In the name of the Seer, what have we done?
She felt someone tugging at her. Why were they trying to stop her from looking? Somewhere deep down she knew she couldn’t stay where she was. Not here, in
the circle, in the middle of the crater. But that realization wasn’t getting through. It belonged to another time, another place. Right now, she had to look. The fire was like a waterfall flowing in the wrong direction. An unbelievable force pushing up into the black sky, where it dispersed like glowing rain.
So this was what the end of the world looked like. And the beginning of the world.
The Might burned within her, ripping through her veins, through her muscles and her legs. The fire in the mountain was the fire in her. Perhaps they were one. This was home. She was the mountain. She was the dragon in Bromfjell. She saw the fire that had birthed them all, that would end them all.
People shouted around her, through the fog of the Might, but the only one she could hear was Rime. He shouted without words. There was no distance between them that required words anymore. The Might had burned all obstacles and she could read him without needing to see him. Knew where he was, knew what he wanted.

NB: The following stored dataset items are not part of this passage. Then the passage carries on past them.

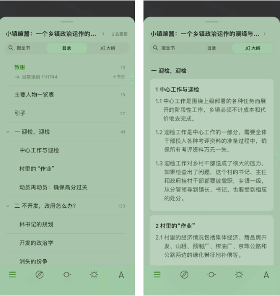 “AI大纲”更是直接改造原文目录,能够简化长篇文章的结构,便于用户快速把握重点,简明扼要的了解对应章节讲述的内容。这一功能非常适合快速阅读的书本。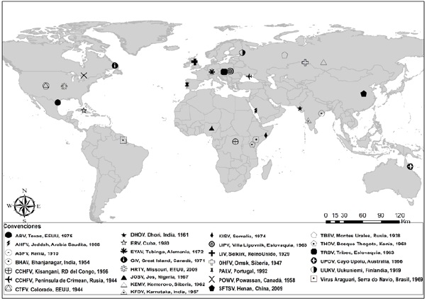 Los símbolos indican la ubicación y la fecha del primer aislamiento. Las siglas de los virus son las siguientes: ABV, Virus Aransas Bay; AHFV, Virus de la fiebre hemorrágica de Alkhurma; ASFV, Virus de la fiebre porcina africana; BHAV, Virus Bhanja; CCHFV, Virus de la fiebre hemorrágica de Crimea-Congo; CTFV, Virus de la fiebre por garrapatas del Colorado; DHOV, Virus Dhori; ERV, Virus Estero Real; EYAV, Virus Eyach; GIV, Virus Great Island; HRTV, Virus Heartland; JOSV, Virus Jos; KEMV, Virus Kemerovo; KFDV, Virus de la enfermedad de los bosques de Kyasanur, KISV, Virus Kismayo; LIPV, Virus Lipovnik; LIV, Virus Louping ill; OHFV, Virus de la fiebre hemorrágica de Omsk; PALV, Virus Palma; POWV, Virus Powassan; SFTSV, Virus del síndrome de la fiebre severa con trombocitopenia; TBEV, Virus de la encefalitis transmitida por garrapatas, THOV, Virus Thogoto; TBRV, Virus Tribeč; UPOV, Virus Upolu. UUKV, Virus Uukuniemi.
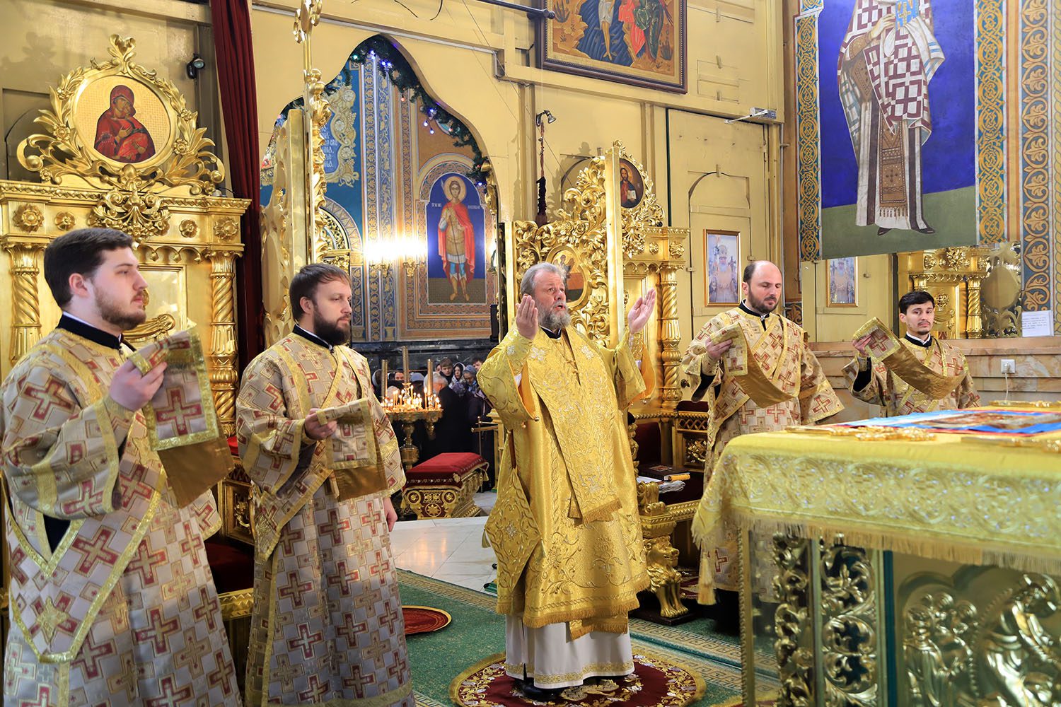Alături de Întâistătător au înălțat rugăciuni: Secretarul mitropolitan şi Eclesiarh al Catedralei Mitropolitane, Prot. mitr. Vadim Cheibaş, împreună cu slujitorii sfântului lăcaș, precum și Prot. mitr. Ioan Gherbovețchi, Protopopul parohiilor din Portugalia a Eparhiei de Corsun.

The stones stood bathed in red light, through autumn, winter, and spring. An immovable circle around the fire. Silent witnesses to the mountain’s incomprehensible rage. The ravens screeched around them. Kolkagga gathered around the stones, which offered the only protection from the embers. One of them was supporting Hlosnian. The blind were gone. Urd was gone.
“Here! Here!” Hlosnian shouted, puffing like bellows. “Between the stones!”
He’s right. That’s the only way out, Rime said from within her.
Red rain fell over the stones. The embers gathered and started flowing in streams between them. The ground was going to fall out from under them. Bromfjell was going to explode. Someone screamed. Rime grabbed her, and she saw him. He’d torn off his black hood. His face was shiny with sweat. She smiled at him. He looked at her like she’d lost her mind.
They were all in such a tearing hurry. Hirka wasn’t. She spotted her bag and smiled. The last time she’d insisted on having it with her, it had stopped an arrow that otherwise would have hit her. She grabbed it and ran toward the edge of the crater with everyone else. It felt like she was barely moving—everything was so slow. Hlosnian pointed at two of the stones. Rime had a good grip on her hand, so she had no other choice but to follow him. Everyone else was following him too: Hlosnian, the ravens, Kolkagga. Even Tein and two others from Ravnhov. Now that the dragon had awoken and the mountain was after them.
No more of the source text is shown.